Items listed in a dataset:
________________________________________

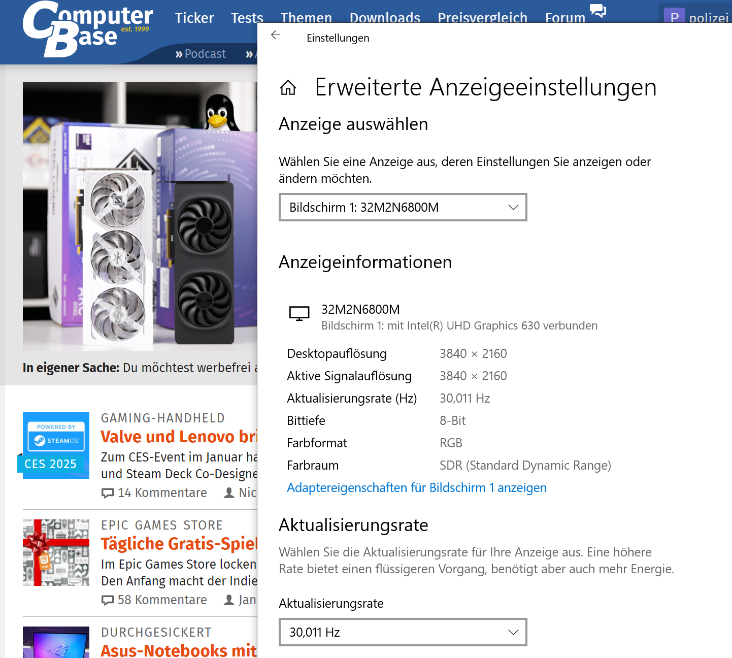 Und manchmal unterstützt die iGPU zwar eine bestimmte Auflösung und Bildwiederholfrequenz, aber das Mainboard nicht. Meine Eltern haben im Wohnzimmer einen alten Dell Optiplex im Schrank stehen, der 4K/60 nicht schafft, obwohl der alte Core i5 das eigentlich sollte. Auch mit einem passenden Kabel nicht.
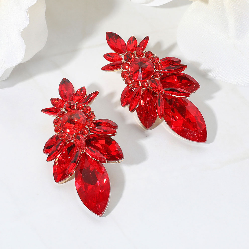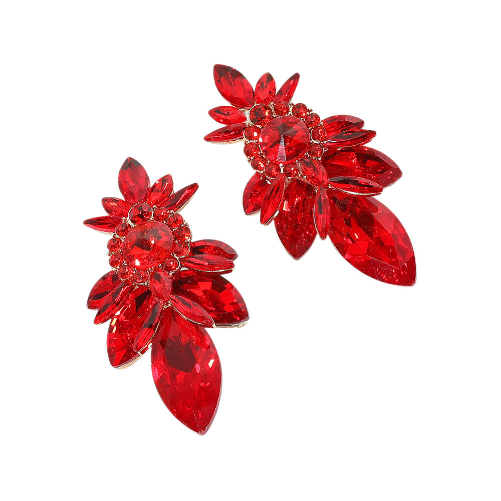 Marquise Teardrop Stone Accented Rhinestone Paved Dangle Evening Earrings
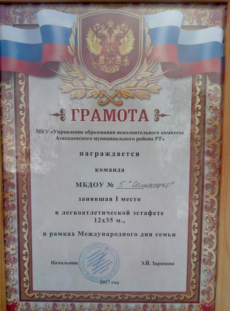 Первое место в легкоатлетической эстафете, в рамках Международного дня семьи. 19.05.2017
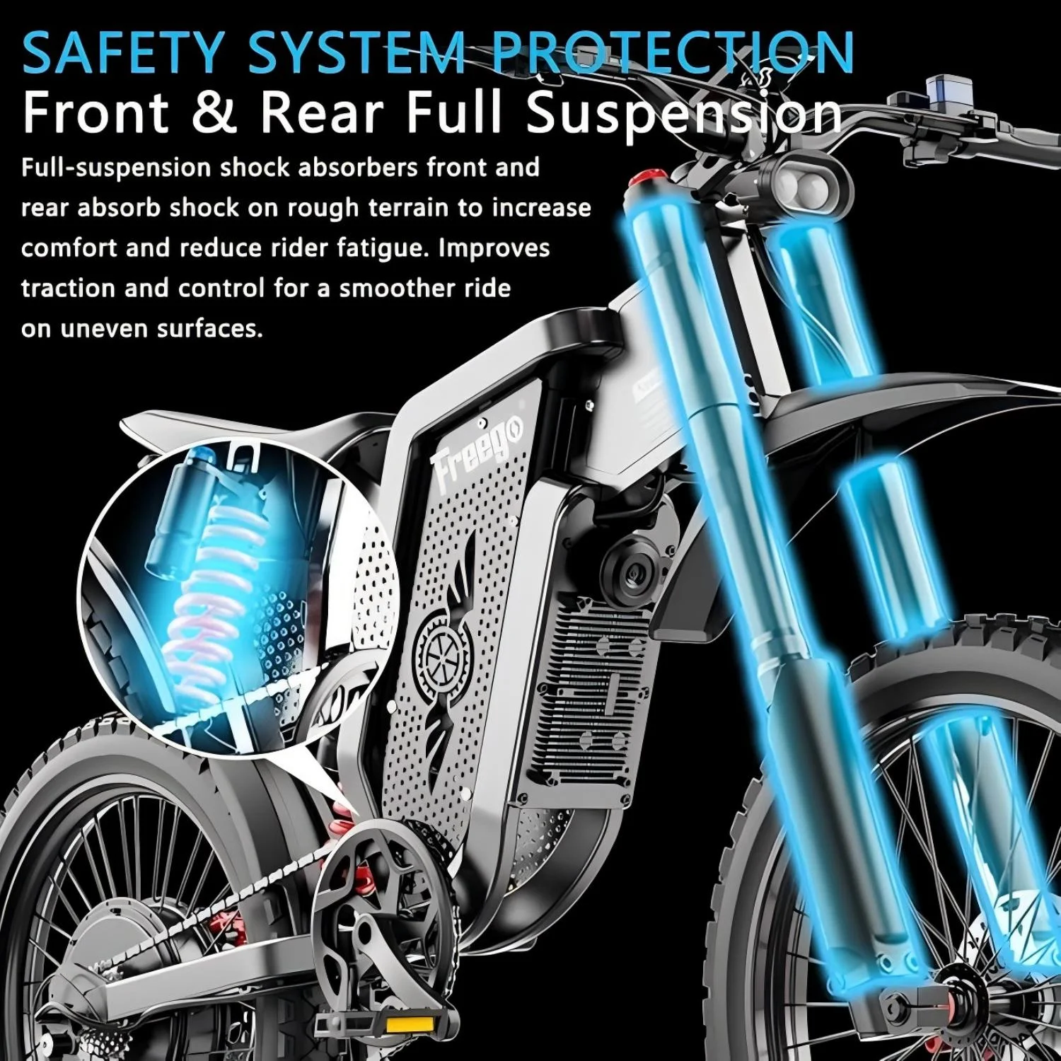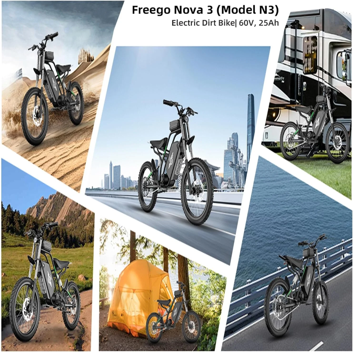 40MPH Electric Bicycle, Dual - Mode Electric Dirt Bike 3000W(Peak)Freego Nova3 Electric Motorcycle Bike for Adults, Mid - Drive Motor, 60V/25ah Battery, 17x3.15 Tire Full Suspension Hydraulic Brake
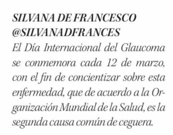 | Título: | SILVANA DE FRANCESCO @SILVANADFRANCES El Día Internacional del Glaucoma se conmemora cada 12 de marzo, con el fin de concientizar sobre esta enfermedad, que de acuerdo a la Organización Mundial de la Salud, es la segunda causa común de ceguera. |
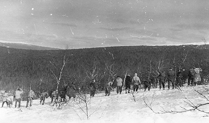 Пропавших туристов искали студенты УПИ и военные. Поисковики шли по перевалу шеренгой, каждый метр протыкая снег щупами. Фото из архива фонда памяти группы Дятлова/kp.ru

________________________________________

**TASK PROMPT**
Retype the records above word for word, from their first line through the line containing "de ceguera. |", and leave out every picture.

**TASK RESPONSE**
 Und manchmal unterstützt die iGPU zwar eine bestimmte Auflösung und Bildwiederholfrequenz, aber das Mainboard nicht. Meine Eltern haben im Wohnzimmer einen alten Dell Optiplex im Schrank stehen, der 4K/60 nicht schafft, obwohl der alte Core i5 das eigentlich sollte. Auch mit einem passenden Kabel nicht.
 Marquise Teardrop Stone Accented Rhinestone Paved Dangle Evening Earrings
 Первое место в легкоатлетической эстафете, в рамках Международного дня семьи. 19.05.2017
 40MPH Electric Bicycle, Dual - Mode Electric Dirt Bike 3000W(Peak)Freego Nova3 Electric Motorcycle Bike for Adults, Mid - Drive Motor, 60V/25ah Battery, 17x3.15 Tire Full Suspension Hydraulic Brake
 | Título: | SILVANA DE FRANCESCO @SILVANADFRANCES El Día Internacional del Glaucoma se conmemora cada 12 de marzo, con el fin de concientizar sobre esta enfermedad, que de acuerdo a la Organización Mundial de la Salud, es la segunda causa común de ceguera. |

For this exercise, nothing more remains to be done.